The data can be loaded via:
library(mlbench)
data(Soybean)
unique(Soybean$Class)
## [1] diaporthe-stem-canker charcoal-rot
## [3] rhizoctonia-root-rot phytophthora-rot
## [5] brown-stem-rot powdery-mildew
## [7] downy-mildew brown-spot
## [9] bacterial-blight bacterial-pustule
## [11] purple-seed-stain anthracnose
## [13] phyllosticta-leaf-spot alternarialeaf-spot
## [15] frog-eye-leaf-spot diaporthe-pod-&-stem-blight
## [17] cyst-nematode 2-4-d-injury
## [19] herbicide-injury
## 19 Levels: 2-4-d-injury alternarialeaf-spot anthracnose ... rhizoctonia-root-rot
nrow(Soybean)
## [1] 683
This data set has different types of data compared to the Glass data set. This data set is categorical data. Also this data set has missing data points in almost every field.
ggplot(melt(Soybean, id.vars=c('Class')), aes(x=value)) +
geom_histogram(stat="count") +
facet_wrap(~variable, scale="free")
Since four of the classes are measuring different fields and seem to be classes that are more specific in their nature, I think the best way to deal with their missing data is to remove the fields of 2-4-d-injury, cyst-nematode, diaporthe-pod-&-stem-blight and herbicide-injury.

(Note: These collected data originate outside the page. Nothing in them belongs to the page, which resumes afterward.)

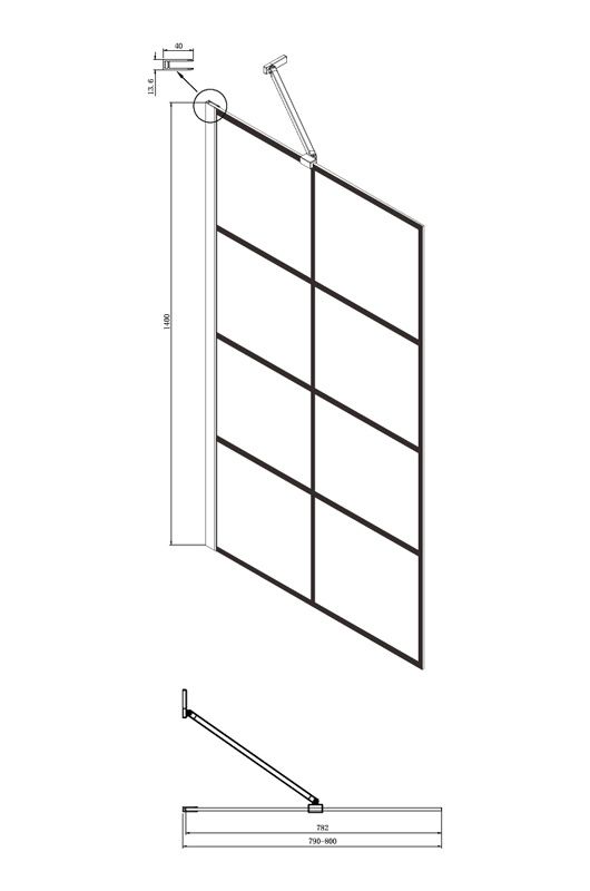 • Душевая шторка с неподвижной дверью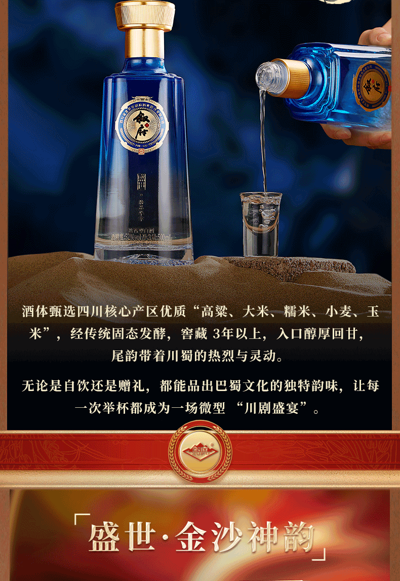 叙府盛世 五粮浓香型白酒 商务宴请接待酒 高端礼盒酒过年送礼长辈 52度 500mL 4盒 整箱装·金沙神韵
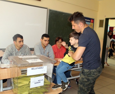 Fenerbahçe'nin yıldız futbolcusu Emre Belözoğlu, eşi Tuğba ve oğlu Ömer Akif ile birlikte oy kullanmak üzere Beykoz'daki Sedat Simavi İlkokulu'na gitti. Sınıfa gelen aile, sıralarının gelmesini bekledi. Sıra gelince oyunu kullanan Belözoğlu, oy pusulasının bulunduğu zarfı oğlu Ömer Akif'e verdi. Küçük Ömer, babasının yardımıyla zarfı 1270 numaralı sandığa attı.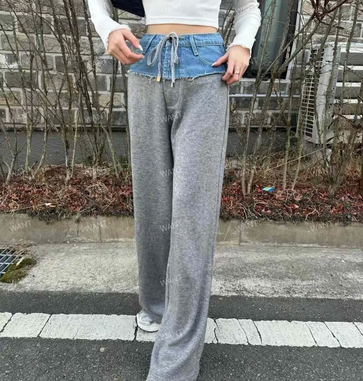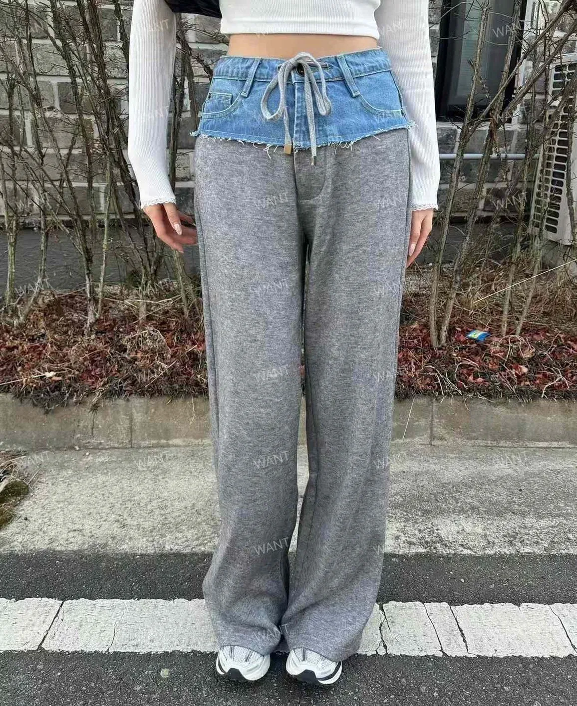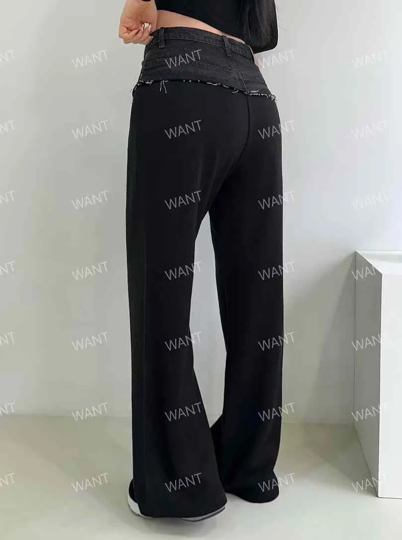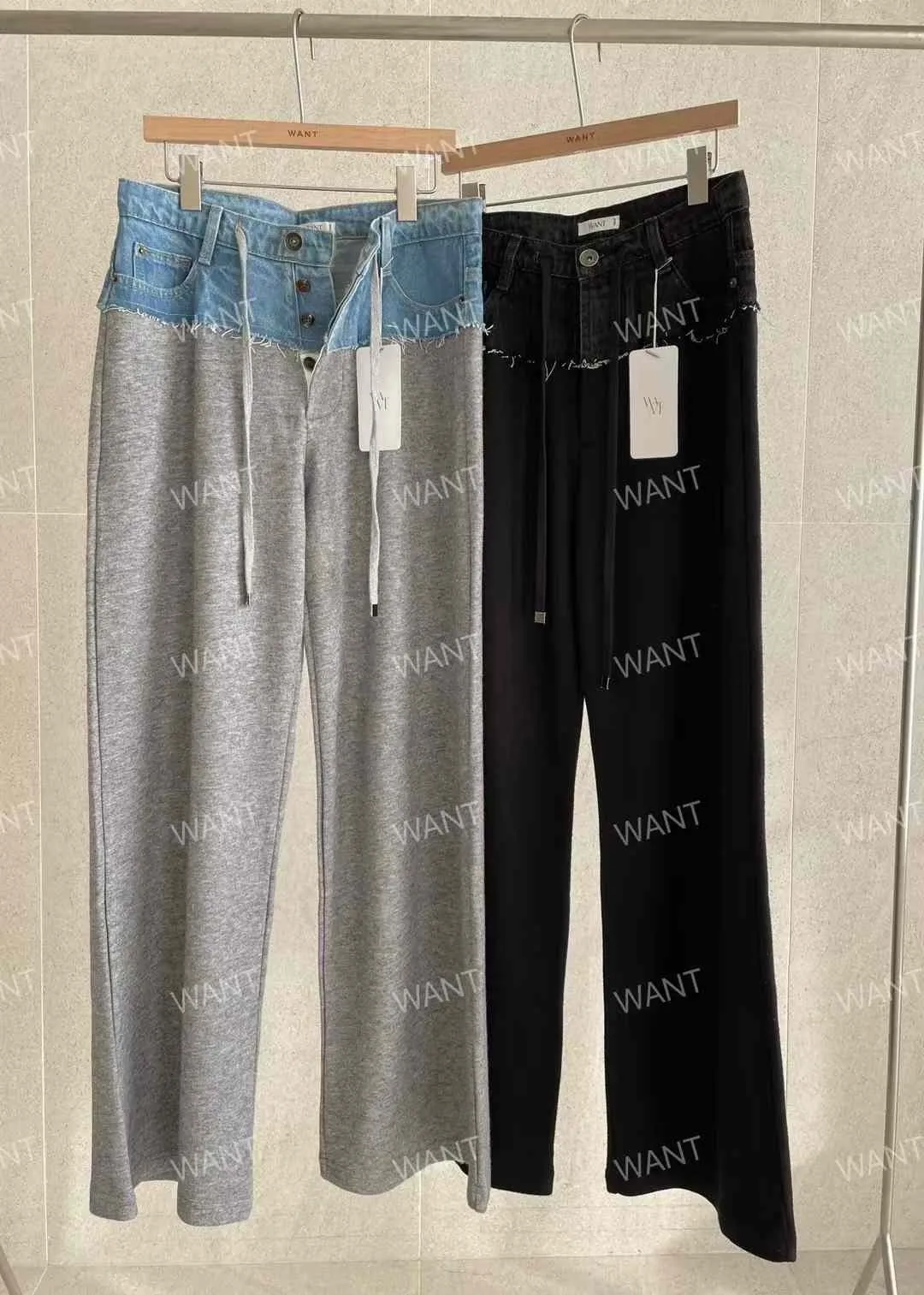 AK525丹寧腰拼接棉長褲 灰 黑 官網價$1120 線上價$1190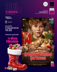 De la ora 18:00, în Sala Mare de Spectacole „Radu Beligan”, copiii sunt invitați să pătrundă în universul fermecat al teatrului de magie Spirilandia, un spectacol susținut de Teatro Blu. Accesul la reprezentație se va face gratuit în limita locurilor disponibile, oferind celor prezenți ocazia de a trăi o experiență unică, încărcată de farmec și surprize. Iar începând cu ora 19:30, Cinema Ateneu vă așteaptă la premiera proiecției de film Crăciunul familiei Șoricescu (bilete pe: https://cinemaiasi.ro/film/craciunul-familiei-soricescu/).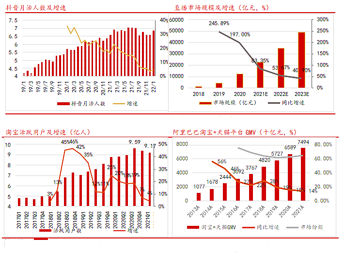 综合易观千帆以及华西证券发布的数据来看,抖音月活自2020年下半年突破6亿大关后趋于稳定,2021年全年月活在6.5-7亿人次间波动,下半年同比增速放缓至个位数增长。此外,抖音在国内直播市场上增速也在放缓,预计到2023年其在直播市场的增速仅有40.80%。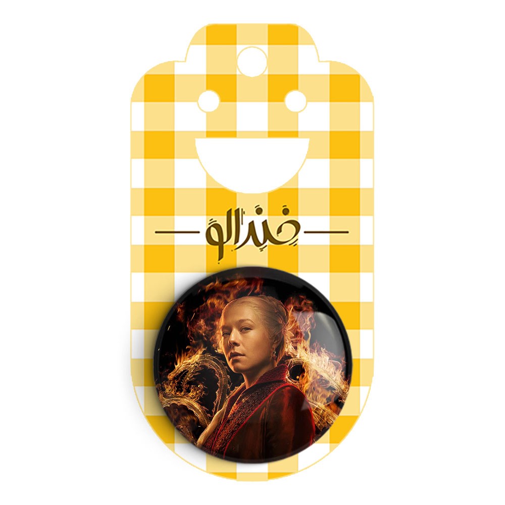 پیکسل 44 میلی متری رینیرا سریال خاندان اژدهایان House of dragon خندالو با روکش سلفون حرارتی مات مخملی ضدخش و قطعه پشتی رنگی تولید شده است.پلاستیکی پشت پیکسل با سوزن یک تکه ثابت و بدون لغزش و جا به جایی، ایستایی بسیار بهتری نسبت به پشتی فلزی پیکسل دارند که این مهم در تولید این محصول نیز رعایت شده است.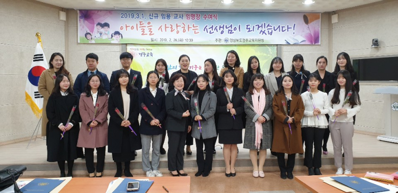 경주교육지원청(교육장 권혜경)은 26일 교육지원청 3층 대회의실에서 다음달 1일자 신규 임용 교사 25명과 해당 학교 교감, 교육지원청 직원 등 약 50여명이 참석한 가운데 “신규 임용 교사 임명장 수여식”을 개최했다.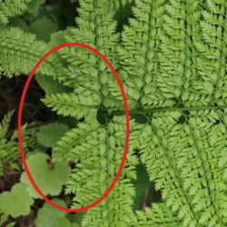 Sori: around the outer edges covered with a false indusium of curled segmentsAdiantum Fern Charact 2 Adiantum Fern Charact 1 - ARACHNIODES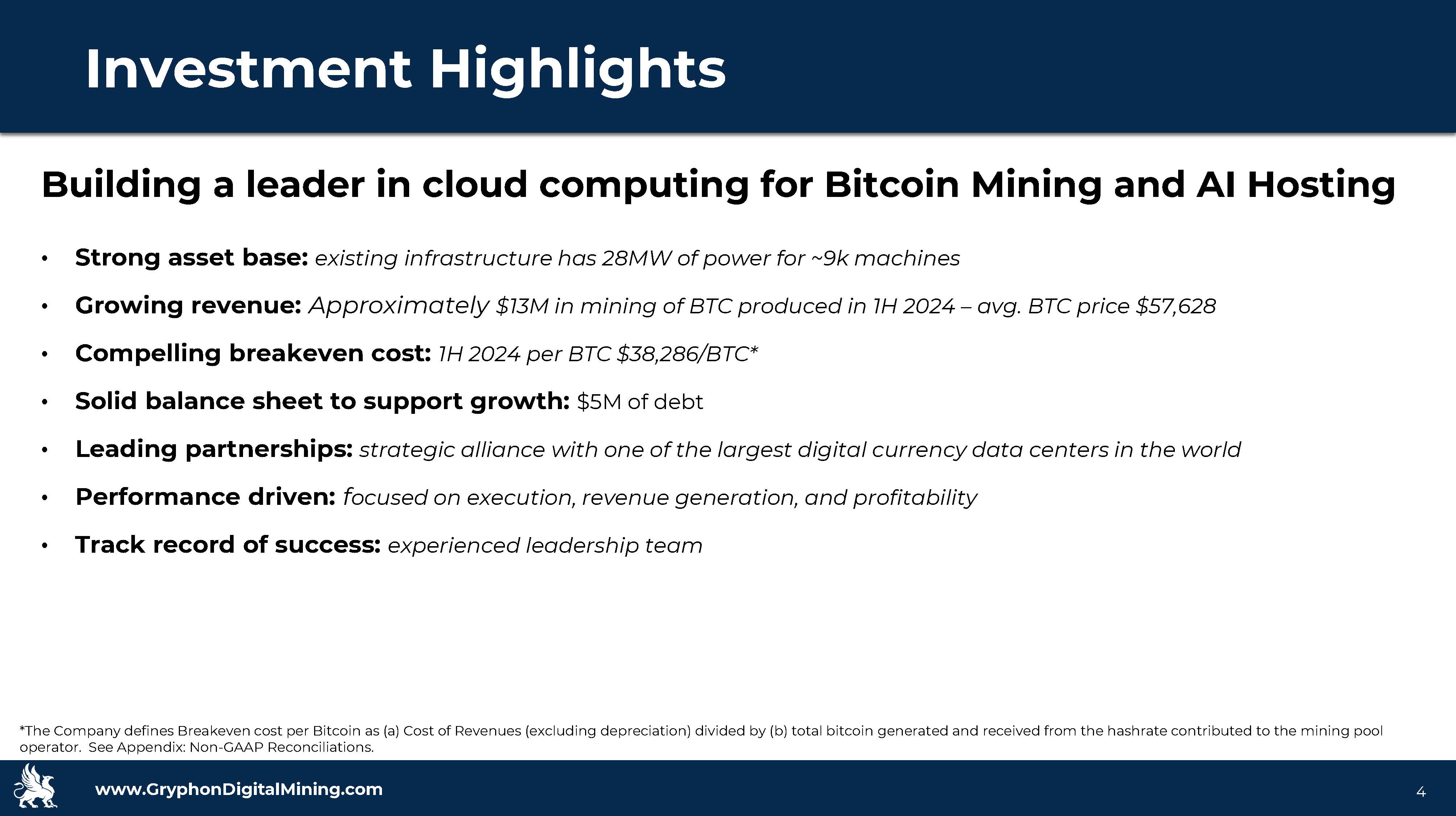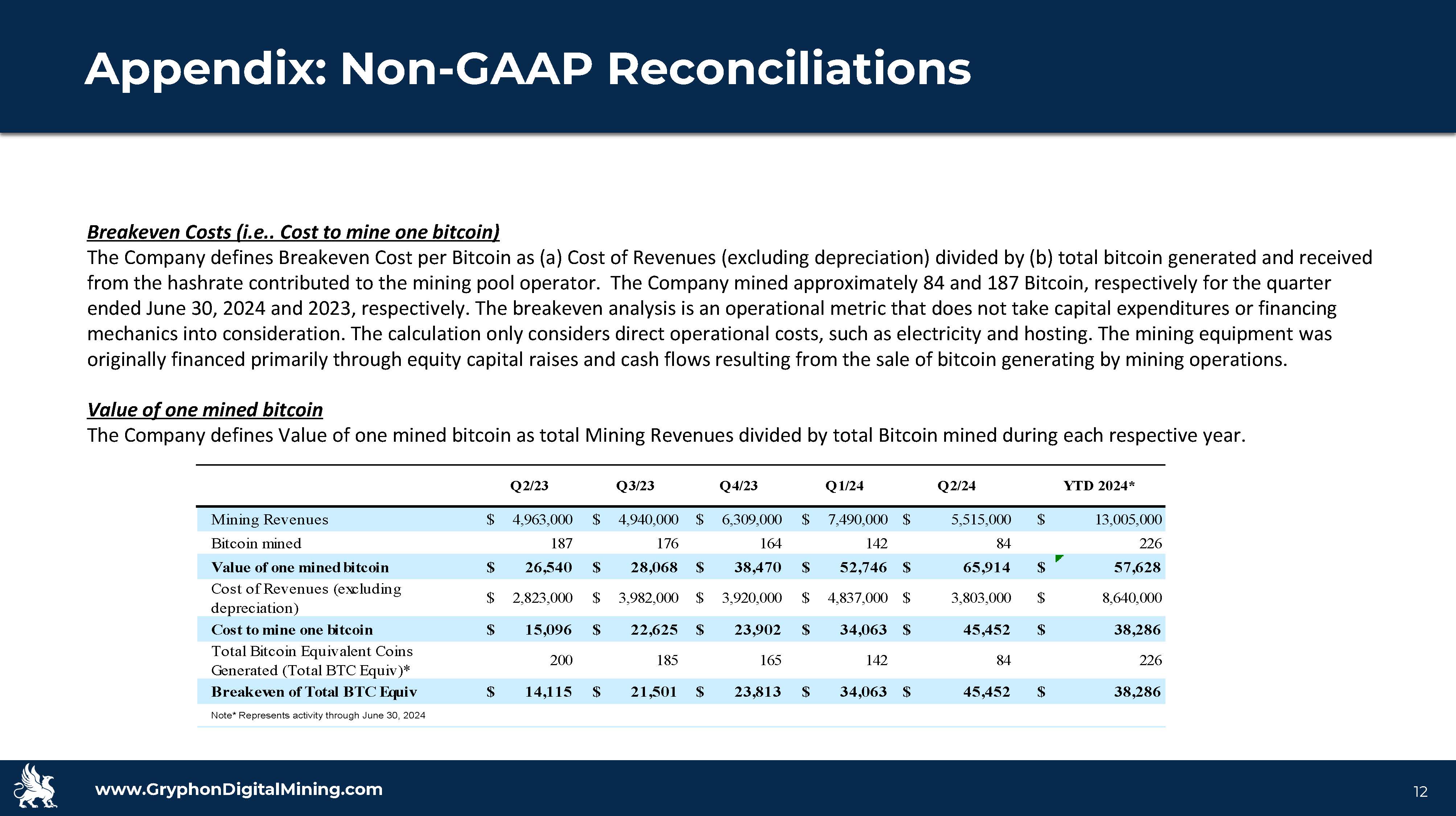 www.GryphonDigitalMining.com Target Capitalization 13 Appendix: Non - GAAP Reconciliations Breakeven Costs (i.e.. Cost to mine one bitcoin) The Company defines Breakeven Cost per Bitcoin as (a) Cost of Revenues (excluding depreciation) divided by (b) total bitcoin gen erated and received from the hashrate contributed to the mining pool operator. The Company mined approximately 84 and 187 Bitcoin, respectively for the quarter ended June 30, 2024 and 2023, respectively. The breakeven analysis is an operational metric that does not take capital expenditures or financing mechanics into consideration. The calculation only considers direct operational costs, such as electricity and hosting. The m ini ng equipment was originally financed primarily through equity capital raises and cash flows resulting from the sale of bitcoin generating by m ini ng operations. Value of one mined bitcoin The Company defines Value of one mined bitcoin as total Mining Revenues divided by total Bitcoin mined during each respective ye ar. Mining Revenues $ 4,963,000 $ 4,940,000 $ 6,309,000 $ 7,490,000 $ 5,515,000 $ 13,005,000 Bitcoin mined 187 176 164 142 84 226 Value of one mined bitcoin $ 26,540 $ 28,068 $ 38,470 $ 52,746 $ 65,914 $ 57,628 Cost of Revenues (excluding depreciation) $ 2,823,000 $ 3,982,000 $ 3,920,000 $ 4,837,000 $ 3,803,000 $ 8,640,000 Cost to mine one bitcoin $ 15,096 $ 22,625 $ 23,902 $ 34,063 $ 45,452 $ 38,286 Total Bitcoin Equivalent Coins Generated (Total BTC Equiv)* 200 185 165 142 84 226 Breakeven of Total BTC Equiv $ 14,115 $ 21,501 $ 23,813 $ 34,063 $ 45,452 $ 38,286 Note* Represents activity through June 30, 2024 YTD 2024*Q2/24Q1/24Q2/23 Q3/23 Q4/23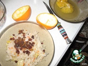 Нарезать мякоть маленькими кубиками, перемешать с изюмом, орехами. капустой и заправить майонезом. Наполнить половинки апельсина данной смесью.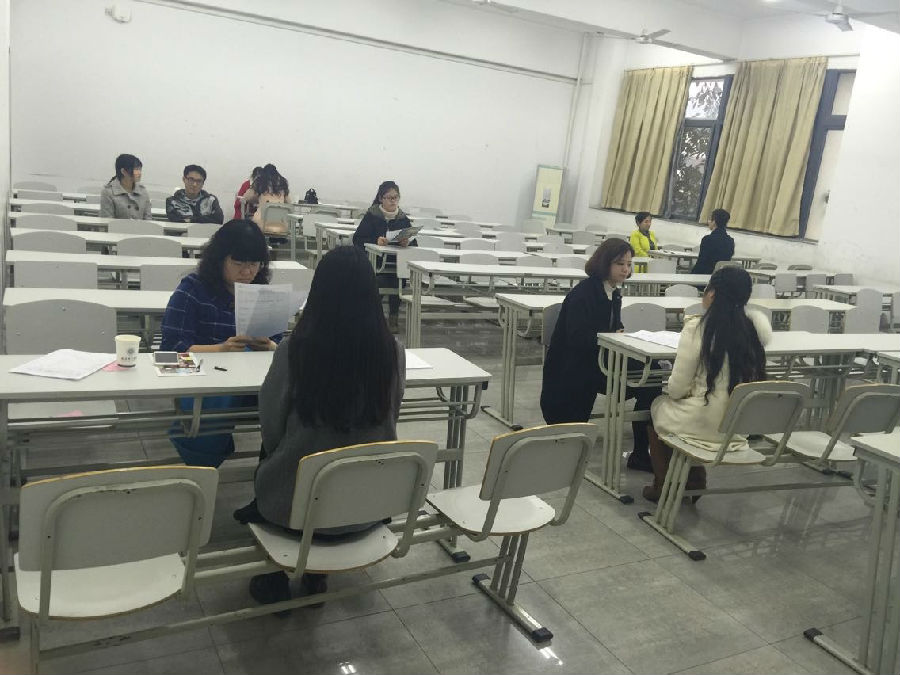 同学们正在进行分组面谈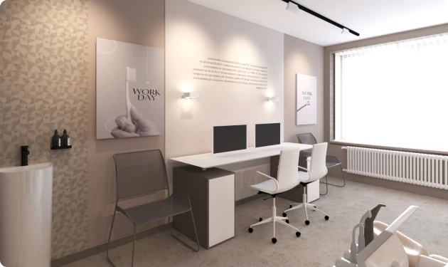 Зайдя в наш офис, вы можете почувствовать, что каждая мелочь продумана с особым трепетом и любовью. От цветовой гаммы и мягких кресел, до ароматных диффузоров и свеч. Мы используем яркие и интересные дизайнерские решения, стильную современную мебель и живые растения. Абсолютно каждая деталь продумана так, чтобы обеспечить комфортное времяпрепровождение и пробудить желание возвращаться к нам снова и снова.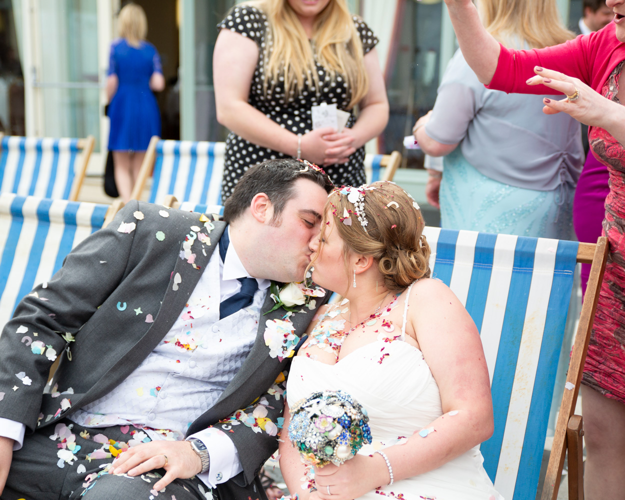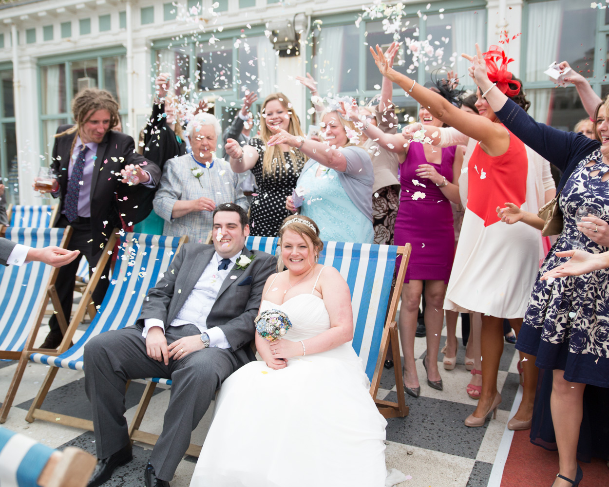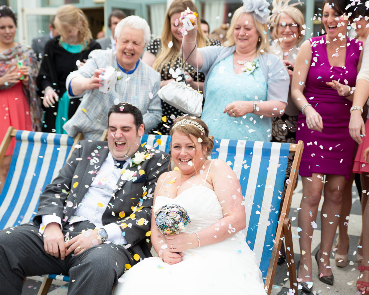 Lisa and Oliver took their seats right in the middle of the deckchairs, guests lining up behind them, confetti at the ready. The breeze — perfectly timed — carried it forward in a joyful swirl. A burst of colour, cheers all around, and a kiss right at the centre of it all.

For the class of phytophthora-rot imputation would be best because that class seems to be measuring the same traits as the other 14 columns.
This strategy is assuming that what is trying to be predicted has nothing to do with the specific nature of those four classes. Otherwise the strategy changes and could quite possibly be the opposite strategy or an entirely different strategy. Such as removing the specific fields that have missing values.